ABSTRACT

President John F. Kennedy didn’t want the public to know he was using pollingdata to develop a better strategy for civil rights issues; in those days, referring to surveys was seen as an obvious weakness in a president. Most Americans believed then that the highest representatives of the people were elected to public offices as trustees to use their own judgment and not to depend on pollsters-political fortunetellers. Politics has changed since the early 1960s, and more people seem to accept that presidents should respectfully respond to polls reflecting the opinions of their constituencies. President Lyndon B. Johnson, for example, learned from the polls not to raise the Vietnam War as an issue in the 1964 presidential campaign if he wanted to be reelected. President Richard M. Nixon turned to polling as part of the art of presidential politics in bringing many of his domestic decisions in line with the people’s opinions during his five-year tenure.

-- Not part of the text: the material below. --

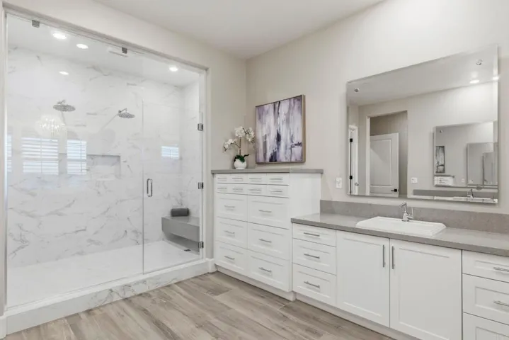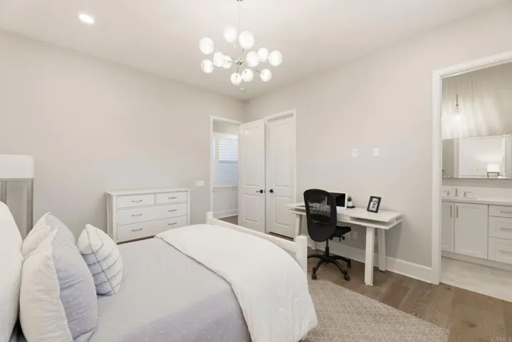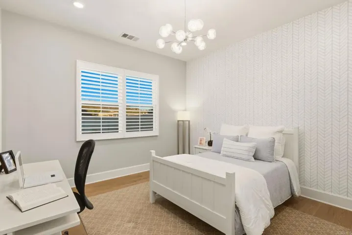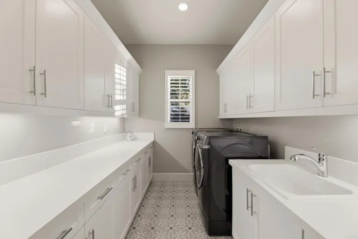Come experience the pinnacle of refined living in one of North County’s most coveted enclaves, The Lakes Above Rancho Santa Fe. Set within the exclusive Sterling Heights collection, this exceptional estate is gracefully positioned atop a private ridge, capturing sweeping panoramic views across the Santa Fe Valley and stretching west toward Del Mar and Solana Beach. Situated on over half an acre, the residence offers nearly 5,000 square feet of thoughtfully curated living space, encompassing five generously proportioned bedrooms and five-and-a-half baths. A grand entry with soaring ceilings introduces an airy, light-filled interior where refined finishes and architectural detail define each space. The open-concept design seamlessly connects the formal dining room, expansive great room, and gourmet kitchen creating an effortless flow for both intimate gatherings and large-scale entertaining. The chef’s kitchen is a statement in both style and function, featuring dual oversized islands that are perfect for culinary adventures and hosting guests. Contemporary porcelain tile backsplashes add a beautiful designer touch. The adjoining family room is anchored by a striking fluted marble fireplace, complemented by custom built-ins, shiplap detailing, and a board-and-batten feature wall blending warmth with modern sophistication. The main-level primary suite is a private sanctuary, framed by tranquil valley views. Its spa-inspired bath offers dual vanities, an oversized soaking tub, and a serene palette of soft greys and whites. A custom-designed walk-in closet with center island provides boutique-level organization and elegance. Upstairs, a generous loft offers flexible space for a media lounge, executive office, fitness studio, or playroom. An additional bedroom opens to a spacious view balcony overlooking Rancho Santa Fe and the rolling hills of Cielo, an idyllic setting for sunset evenings. Designed for the quintessential Southern California lifestyle, the resort-caliber backyard features a sparkling pool and spa, outdoor kitchen, manicured turf, bocce ball court, and a fire pit lounge perfect for hosting under the stars. Thoughtful enhancements include owned solar, automated shades, plantation shutters, upgraded designer lighting, crown molding, and an expansive four-car garage with additional on-site parking for up to eight vehicles. Residents of The Lakes enjoy proximity to the charming Village of Rancho Santa Fe, premier shopping, and convenient access to I-15 and CA-56. The home is located within the highly acclaimed Poway Unified School District, serving top-rated schools such as Del Norte High School and Del Sur Elementary School. At the heart of the community, The Crosby Club at Rancho Santa Fe offers optional membership opportunities, granting access to world-class golf, elevated dining, tennis, pickleball, a state-of-the-art fitness center, and a vibrant social calendar. This is more than a residence—it is a lifestyle defined by privacy, prestige, and effortless coastal elegance.

President Jimmy Carter got help from survey specialists and was the first president to witness one of his pollsters, Patrick Caddell, achieve celebrity status. Unfortunately, Carter’s reelection team made serious mistakes when Caddell underestimated the strengths of presidential candidate Ronald Reagan, who won the 1980 election. Despite some accounts, Reagan persistently used national opinion polls to avoid making obvious mistakes on domestic policies. George H. W. Bush, who succeeded Reagan as president, did not regularly use surveys and suffered a loss of popularity over the economy. However, Bill Clinton, who became president in 1993, gave opinion polls serious consideration throughout his eight years in the White House. Moreover, he gave some of his poll-savvy senior advisers like Dick Morris direct access to the Oval Office. Since 2001, President George W. Bush

has considered polling on issues important to the American people part of his domestic strategy. He gets help from a polling center in Texas that conducts national polls four or five times a month (Judson, 2002; Sobel, 1993).